**Activity**. Repeat word for word the lines starting at the one with "Gセンサー ループ録画 タイムラプス撮影" and ending at the final line of the material, both ends included; omit pictures.

::::::::::

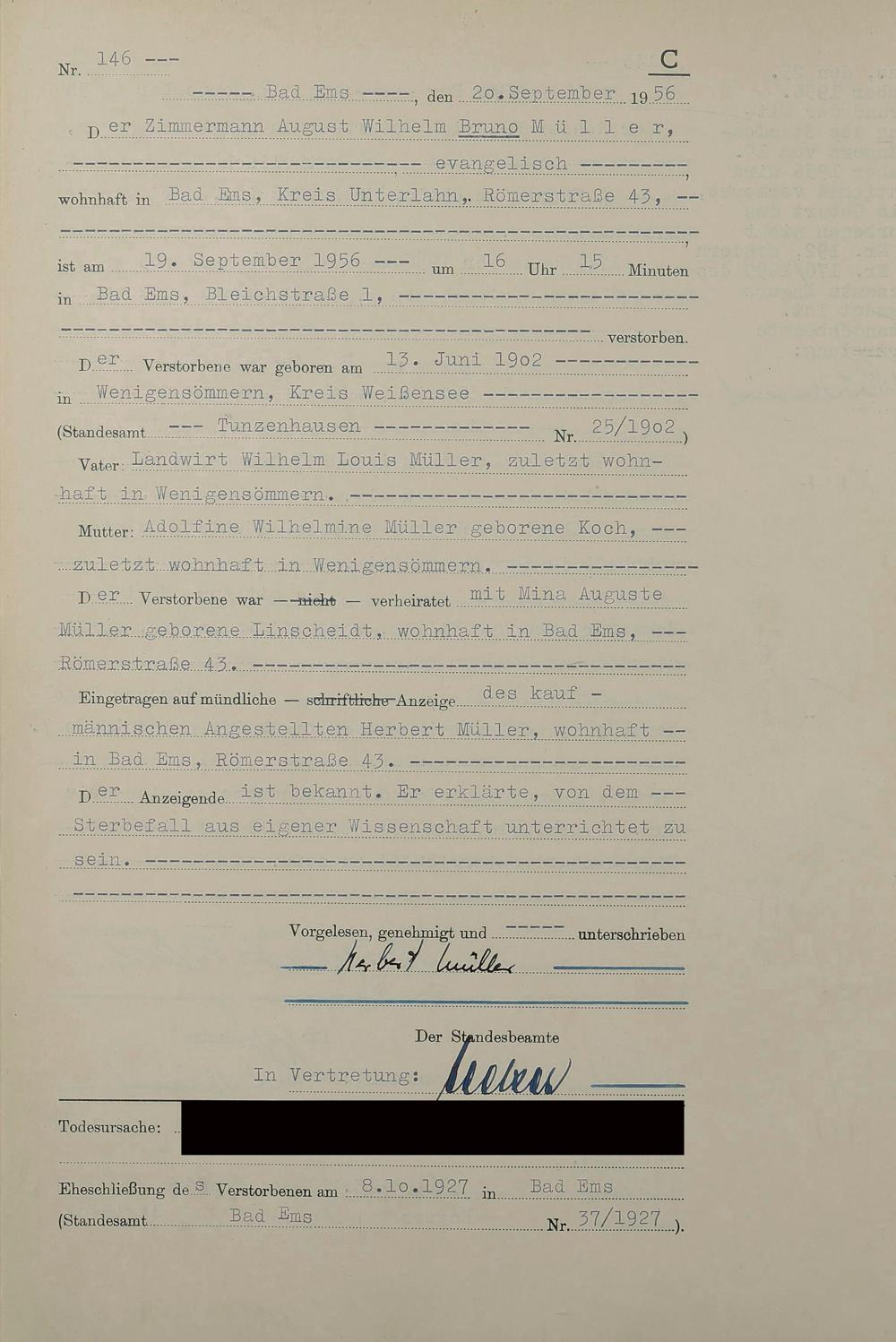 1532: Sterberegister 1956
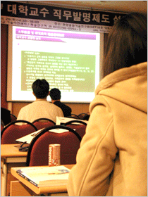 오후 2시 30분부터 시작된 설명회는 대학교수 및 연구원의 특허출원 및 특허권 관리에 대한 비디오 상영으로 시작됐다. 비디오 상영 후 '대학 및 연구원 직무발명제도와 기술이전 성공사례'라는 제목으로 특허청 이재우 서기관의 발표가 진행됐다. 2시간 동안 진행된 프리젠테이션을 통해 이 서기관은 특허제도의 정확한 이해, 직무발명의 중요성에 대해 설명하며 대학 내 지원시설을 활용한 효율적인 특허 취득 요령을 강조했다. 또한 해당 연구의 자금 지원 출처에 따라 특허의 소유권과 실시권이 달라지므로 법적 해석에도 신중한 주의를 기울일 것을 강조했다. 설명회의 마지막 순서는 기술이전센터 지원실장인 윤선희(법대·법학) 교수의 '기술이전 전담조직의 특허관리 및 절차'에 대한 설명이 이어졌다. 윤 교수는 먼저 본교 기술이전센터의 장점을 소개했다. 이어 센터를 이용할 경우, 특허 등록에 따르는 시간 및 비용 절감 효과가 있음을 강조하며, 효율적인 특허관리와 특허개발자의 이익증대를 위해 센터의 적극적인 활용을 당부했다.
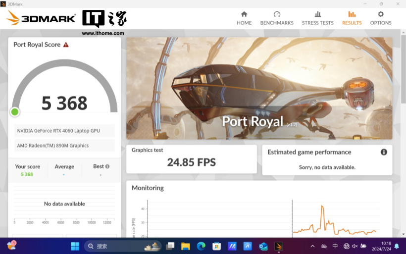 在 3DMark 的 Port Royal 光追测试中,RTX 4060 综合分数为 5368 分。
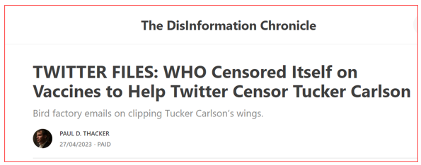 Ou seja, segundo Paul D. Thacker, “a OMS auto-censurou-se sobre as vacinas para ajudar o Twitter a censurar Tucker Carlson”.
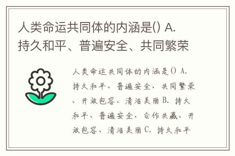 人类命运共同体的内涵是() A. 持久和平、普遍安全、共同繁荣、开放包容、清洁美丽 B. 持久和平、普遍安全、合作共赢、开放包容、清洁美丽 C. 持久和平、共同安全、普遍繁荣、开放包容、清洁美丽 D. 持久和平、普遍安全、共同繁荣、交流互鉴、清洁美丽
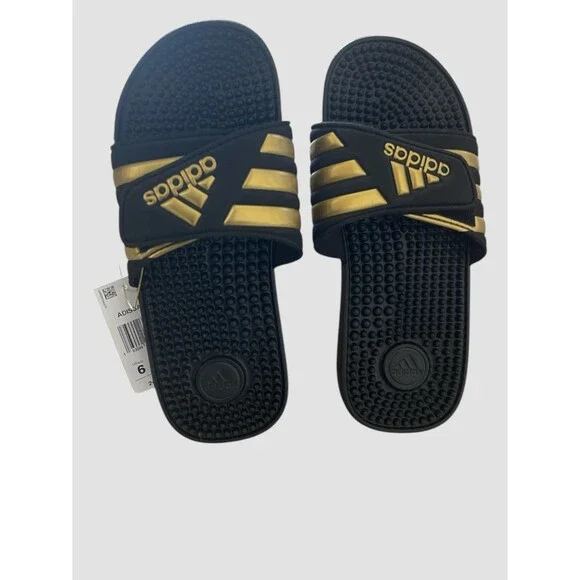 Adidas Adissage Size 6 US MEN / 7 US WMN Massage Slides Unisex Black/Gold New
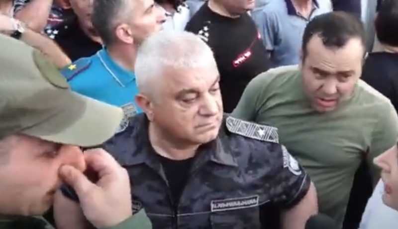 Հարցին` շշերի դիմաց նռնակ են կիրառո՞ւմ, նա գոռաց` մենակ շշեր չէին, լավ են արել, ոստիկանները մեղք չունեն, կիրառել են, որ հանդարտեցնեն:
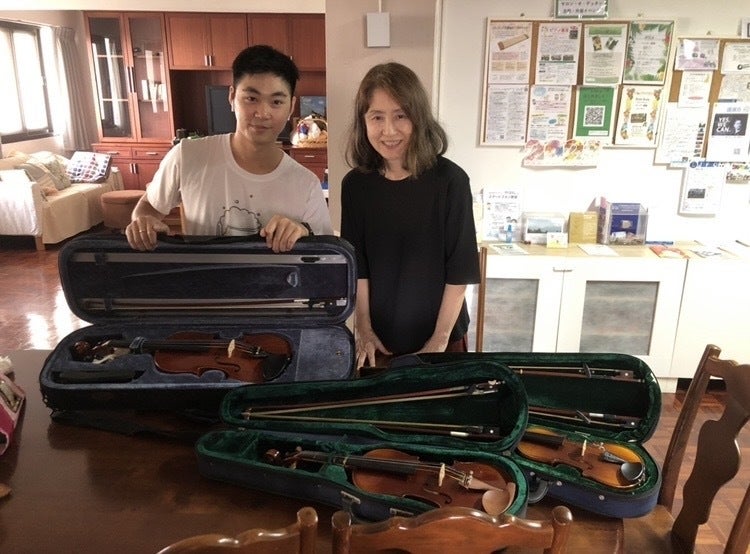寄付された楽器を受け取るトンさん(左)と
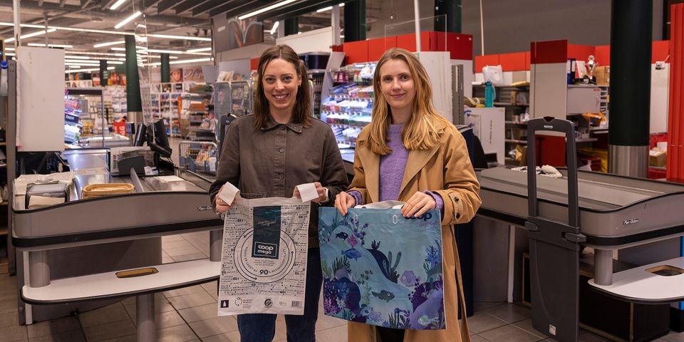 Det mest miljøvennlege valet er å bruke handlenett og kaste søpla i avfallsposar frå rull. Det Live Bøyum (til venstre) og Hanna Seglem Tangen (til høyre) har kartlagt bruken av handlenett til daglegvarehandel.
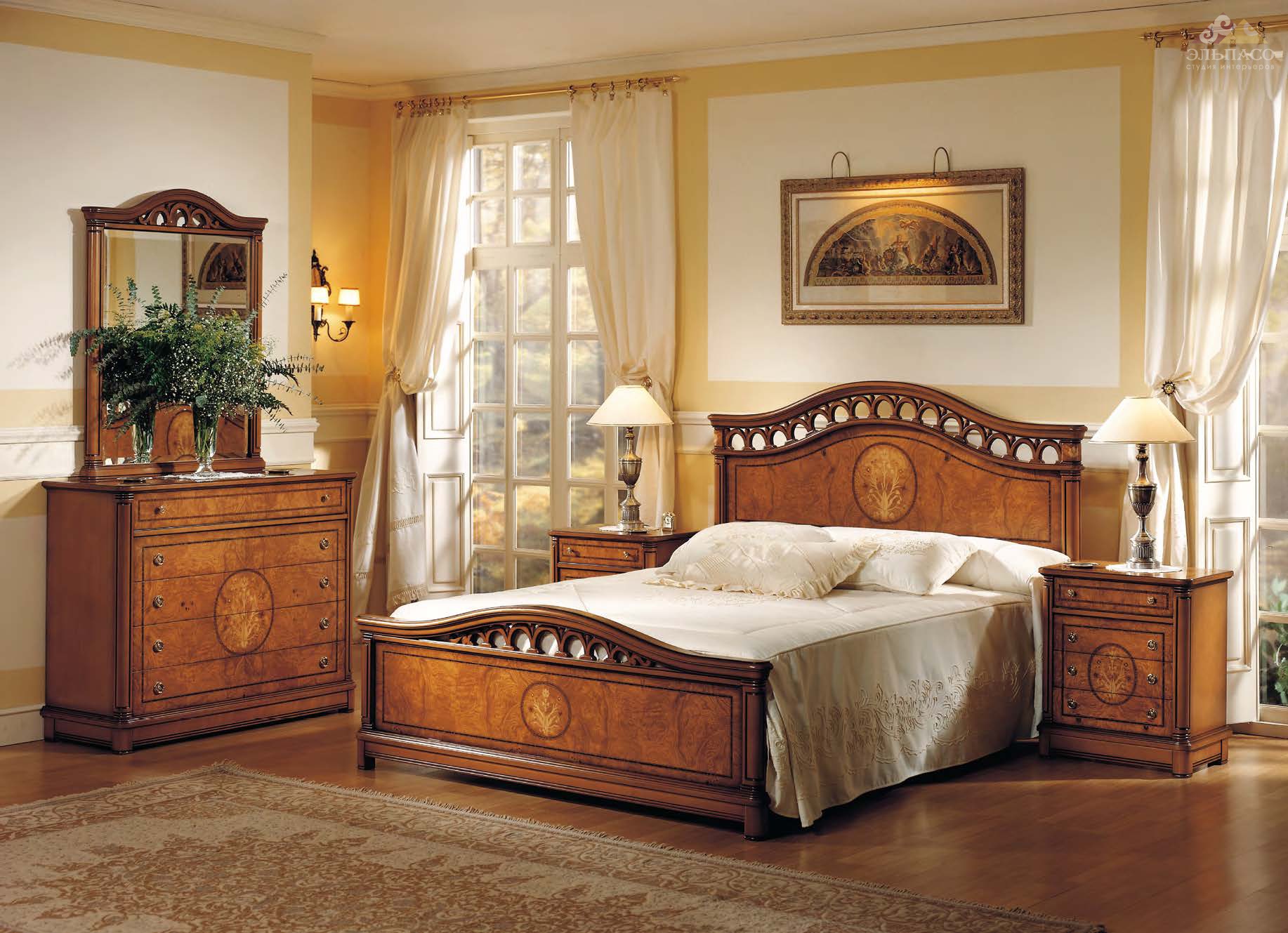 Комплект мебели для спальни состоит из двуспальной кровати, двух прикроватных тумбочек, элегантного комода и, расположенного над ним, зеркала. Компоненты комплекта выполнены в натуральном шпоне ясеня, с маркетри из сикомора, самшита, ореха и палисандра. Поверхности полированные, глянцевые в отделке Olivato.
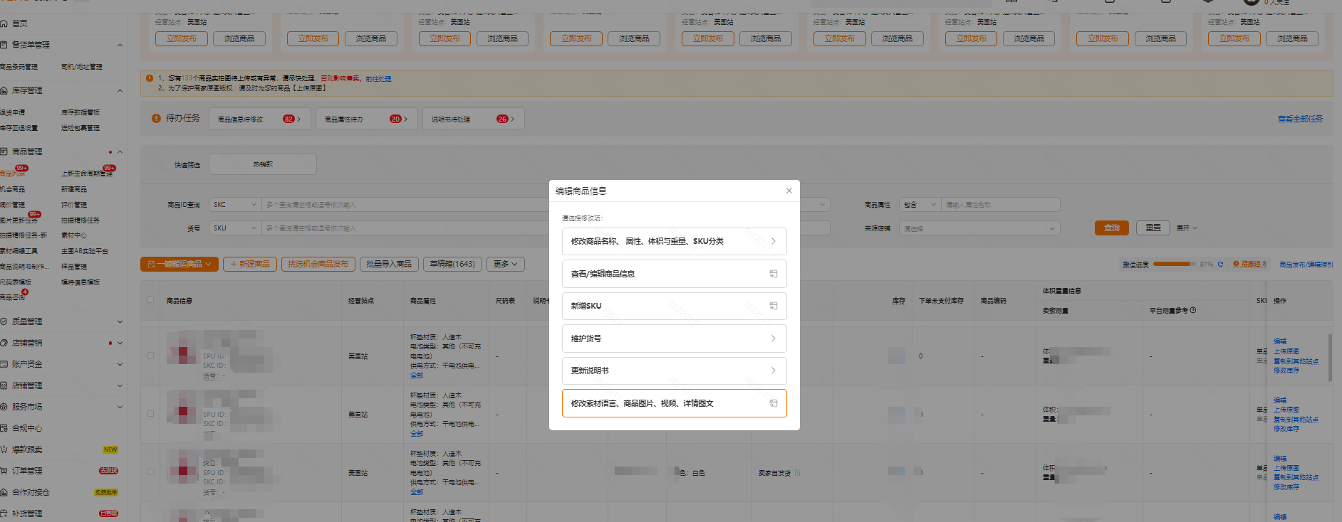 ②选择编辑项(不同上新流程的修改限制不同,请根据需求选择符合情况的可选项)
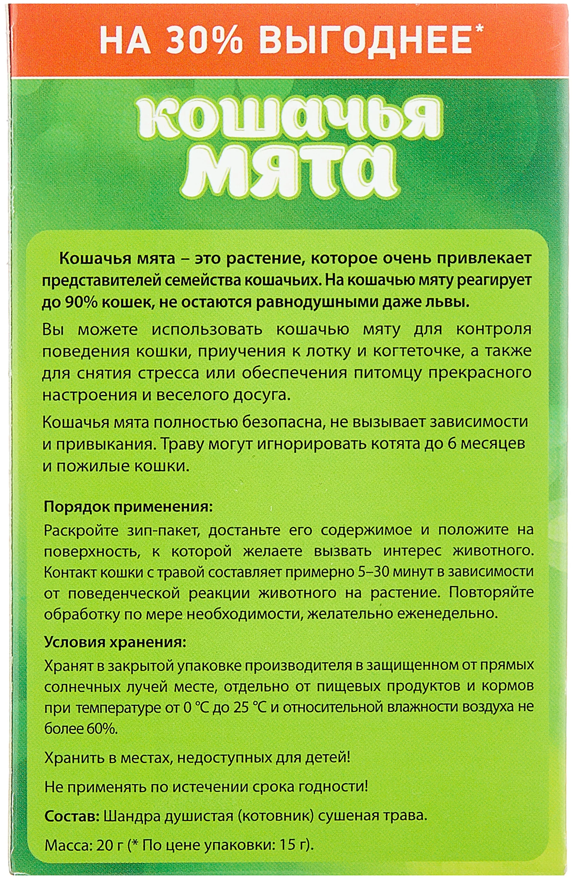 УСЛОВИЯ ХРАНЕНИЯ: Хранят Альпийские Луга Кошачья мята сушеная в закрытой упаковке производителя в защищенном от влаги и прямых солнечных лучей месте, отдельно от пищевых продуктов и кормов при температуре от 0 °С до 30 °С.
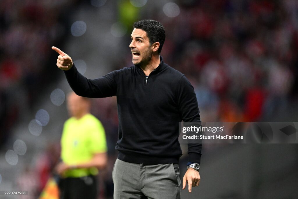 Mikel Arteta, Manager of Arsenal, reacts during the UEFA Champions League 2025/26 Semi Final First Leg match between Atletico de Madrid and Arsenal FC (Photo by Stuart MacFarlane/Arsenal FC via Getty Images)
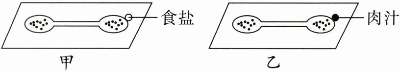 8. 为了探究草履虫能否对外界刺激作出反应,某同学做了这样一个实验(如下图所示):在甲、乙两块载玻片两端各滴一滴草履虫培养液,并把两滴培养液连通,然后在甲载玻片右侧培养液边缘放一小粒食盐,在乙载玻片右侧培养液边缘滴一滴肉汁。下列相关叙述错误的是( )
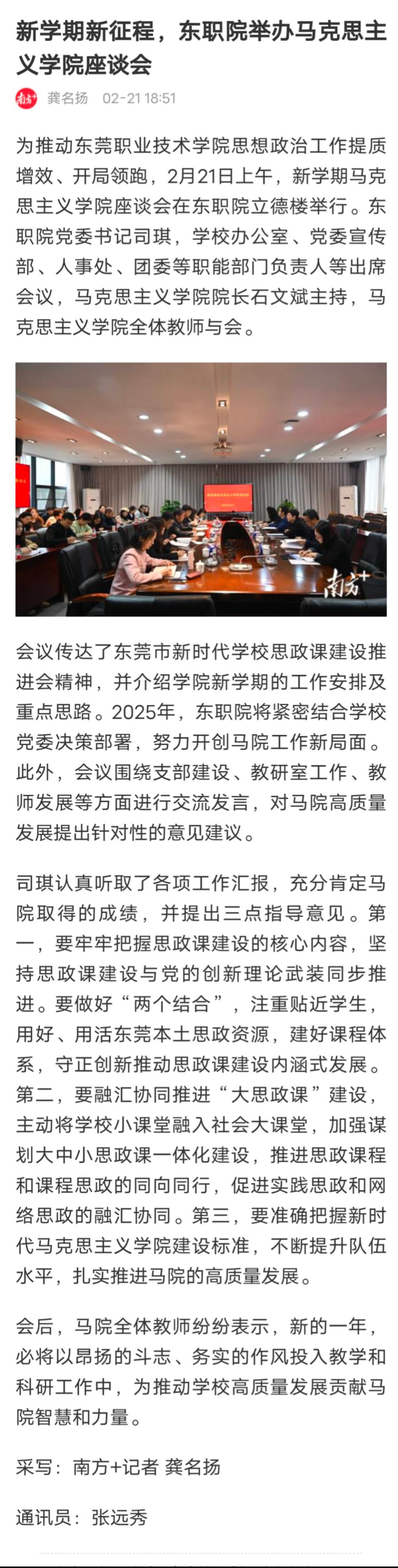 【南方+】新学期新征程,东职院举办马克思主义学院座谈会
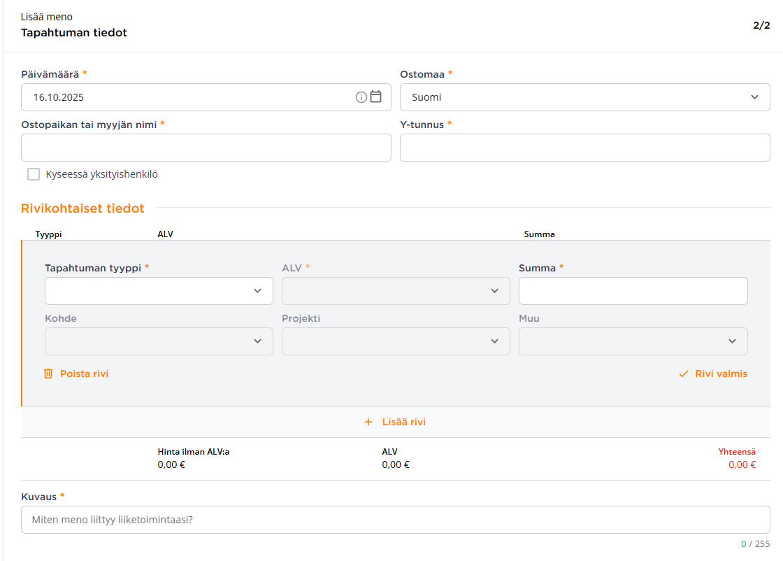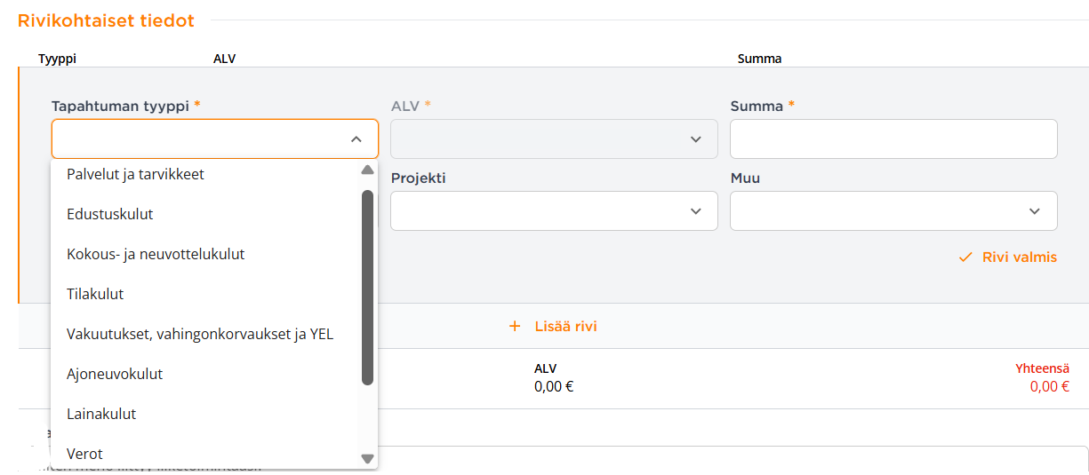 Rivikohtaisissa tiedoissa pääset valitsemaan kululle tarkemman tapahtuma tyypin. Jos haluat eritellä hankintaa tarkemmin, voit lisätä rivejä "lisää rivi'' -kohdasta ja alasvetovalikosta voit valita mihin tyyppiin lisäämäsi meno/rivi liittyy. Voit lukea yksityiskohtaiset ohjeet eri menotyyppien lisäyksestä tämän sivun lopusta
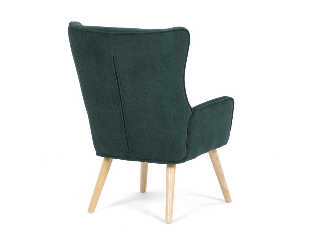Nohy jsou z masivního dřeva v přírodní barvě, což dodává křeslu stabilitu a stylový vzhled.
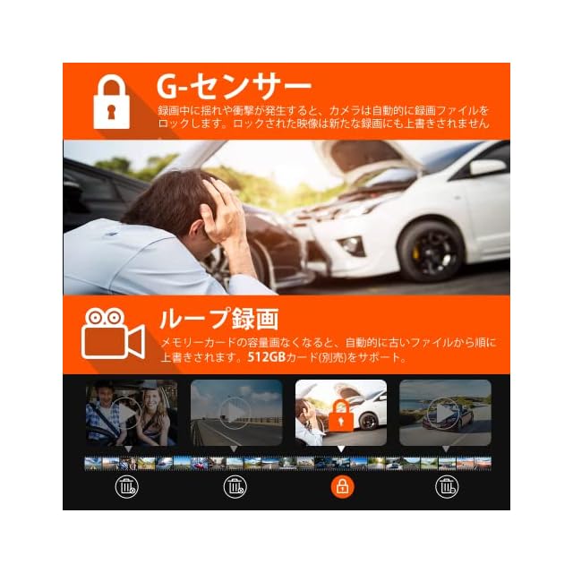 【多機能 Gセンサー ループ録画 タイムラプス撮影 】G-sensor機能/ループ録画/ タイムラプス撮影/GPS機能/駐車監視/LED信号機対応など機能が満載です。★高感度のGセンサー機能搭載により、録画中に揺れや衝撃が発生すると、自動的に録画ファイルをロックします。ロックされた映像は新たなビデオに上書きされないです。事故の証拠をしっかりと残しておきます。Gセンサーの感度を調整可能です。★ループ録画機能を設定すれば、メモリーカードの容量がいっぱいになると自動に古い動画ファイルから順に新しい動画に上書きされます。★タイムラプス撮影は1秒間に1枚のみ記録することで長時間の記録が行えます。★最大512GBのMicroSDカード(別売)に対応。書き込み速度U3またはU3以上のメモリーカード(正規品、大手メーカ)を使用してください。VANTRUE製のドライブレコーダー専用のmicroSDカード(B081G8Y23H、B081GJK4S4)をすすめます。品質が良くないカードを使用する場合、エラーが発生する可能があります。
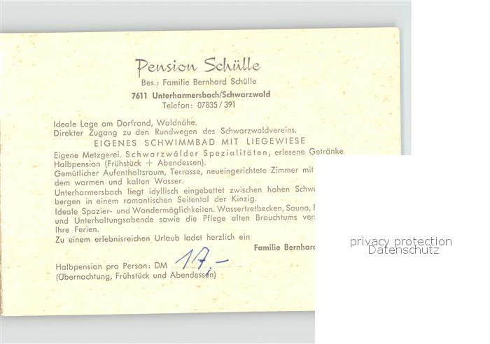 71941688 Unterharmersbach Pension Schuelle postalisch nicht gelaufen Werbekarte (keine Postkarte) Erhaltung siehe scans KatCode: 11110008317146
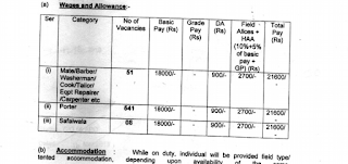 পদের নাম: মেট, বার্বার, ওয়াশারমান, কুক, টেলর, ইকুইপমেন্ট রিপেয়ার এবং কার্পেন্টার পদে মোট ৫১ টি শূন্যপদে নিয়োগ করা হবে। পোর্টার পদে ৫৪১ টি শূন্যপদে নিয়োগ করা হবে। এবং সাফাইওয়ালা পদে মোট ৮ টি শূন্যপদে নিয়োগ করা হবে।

::::::::::

**Result**.
 【多機能 Gセンサー ループ録画 タイムラプス撮影 】G-sensor機能/ループ録画/ タイムラプス撮影/GPS機能/駐車監視/LED信号機対応など機能が満載です。★高感度のGセンサー機能搭載により、録画中に揺れや衝撃が発生すると、自動的に録画ファイルをロックします。ロックされた映像は新たなビデオに上書きされないです。事故の証拠をしっかりと残しておきます。Gセンサーの感度を調整可能です。★ループ録画機能を設定すれば、メモリーカードの容量がいっぱいになると自動に古い動画ファイルから順に新しい動画に上書きされます。★タイムラプス撮影は1秒間に1枚のみ記録することで長時間の記録が行えます。★最大512GBのMicroSDカード(別売)に対応。書き込み速度U3またはU3以上のメモリーカード(正規品、大手メーカ)を使用してください。VANTRUE製のドライブレコーダー専用のmicroSDカード(B081G8Y23H、B081GJK4S4)をすすめます。品質が良くないカードを使用する場合、エラーが発生する可能があります。
 71941688 Unterharmersbach Pension Schuelle postalisch nicht gelaufen Werbekarte (keine Postkarte) Erhaltung siehe scans KatCode: 11110008317146
 পদের নাম: মেট, বার্বার, ওয়াশারমান, কুক, টেলর, ইকুইপমেন্ট রিপেয়ার এবং কার্পেন্টার পদে মোট ৫১ টি শূন্যপদে নিয়োগ করা হবে। পোর্টার পদে ৫৪১ টি শূন্যপদে নিয়োগ করা হবে। এবং সাফাইওয়ালা পদে মোট ৮ টি শূন্যপদে নিয়োগ করা হবে।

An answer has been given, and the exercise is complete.